The play, AFTER/LIFE, was developed using archival research and oral histories with lifelong Detroit residents. With a cast of native Detroiters and undergraduate and graduate students from local universities, AFTER/LIFE premiered in Detroit in July 2017 in conjunction with city-wide events commemorating the 50th anniversary of the ’67 uprising. Most recently, Lisa has expanded her reach into directing, staging a reading of The Providence Garden Blues, one of the first shows developed by Rites and Reason’s founder, George Houston Bass.

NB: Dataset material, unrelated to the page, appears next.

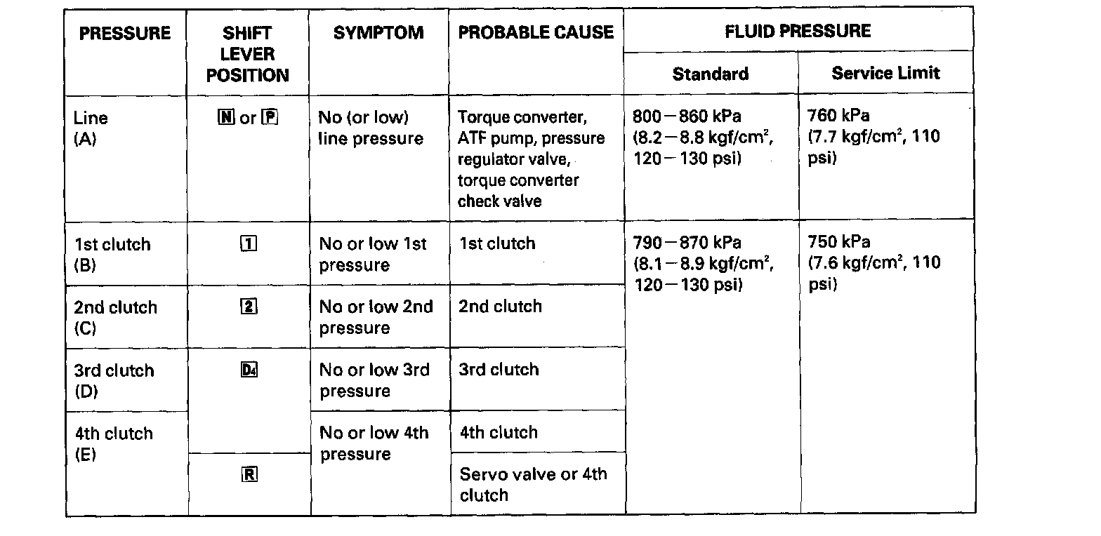 NOTE: Higher pressure may be indicated if measurements are made in shift lever positions other than N or P.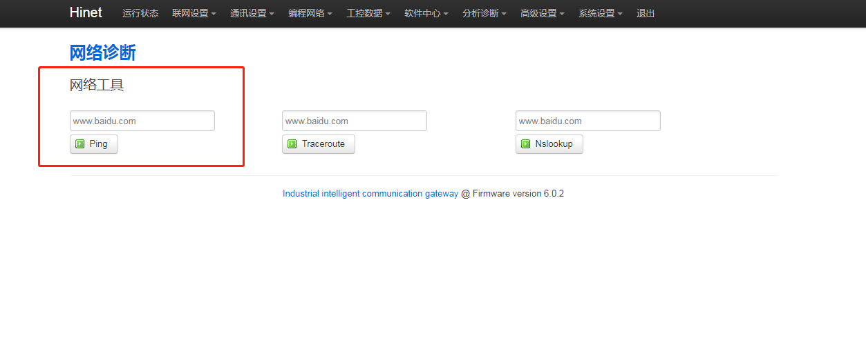 2.PLC的IP是否錯誤,進(jìn)網(wǎng)關(guān)后臺,點(diǎn)擊“分析診斷 - 網(wǎng)絡(luò)診斷”,輸入PLC的IP點(diǎn)擊【ping】,如果網(wǎng)關(guān)LAN口IP與PLC的IP在同網(wǎng)段,而此處ping不通PLC的IP,則PLC的IP錯誤,請確認(rèn)PLC的IP并修改。

In addition to her theatre work, Lisa is a performance studies scholar. Her research has been published online and in print journals including The Conversation, Theatre Survey, and Modern Drama. Her essays can also be found in the edited anthologies Solo/Black/Woman: Scripts, Interviews, Essays (2013), Black Acting Methods: Critical Inquiries (2016), and Applied Theatre: Women and the Criminal Justice System (2020).

Her first book, The Healing Stage: Black Women, Incarceration, and the Art of Transformation, is in production with the Ohio State University Press with an anticipated publication date of December 2022. The Healing Stage represents nearly 15 years of Lisa’s ethnographic research investigating the impact of theatre programs for women incarcerated in prisons and jails in the U.S. and in South Africa. For more: https://vivo.brown.edu/display/lbiggs and https://www.lisabiggs.org/afterlife

Neha Gore Geraghty is the Senior Manager, Source to Pay Global Process Owner at Etsy. She is an experienced project manager with expertise in financial systems, regulatory compliance, and supply chain management, and is currently the Global Operations Source to Pay Lead for Etsy, Inc and its House of Brands. As a working professional, Neha has spent over 14 years working in corporate environments in Chicago and New York City, ranging from consulting, financial services, technology, and supply chain. She has earned certifications in Project Management as well as Information Systems. Her ability to adapt quickly and be a change enabler has allowed her a career of broad specialties. She is thrilled to now be based out of her new home in Providence. Growing up in the Chicagoland area and living in New York City has provided Neha with many opportunities to be a keen consumer of theater arts. She looks forward to continuing that interest in Providence. Neha earned her BS in Accountancy at the University of Illinois Urbana-Champaign.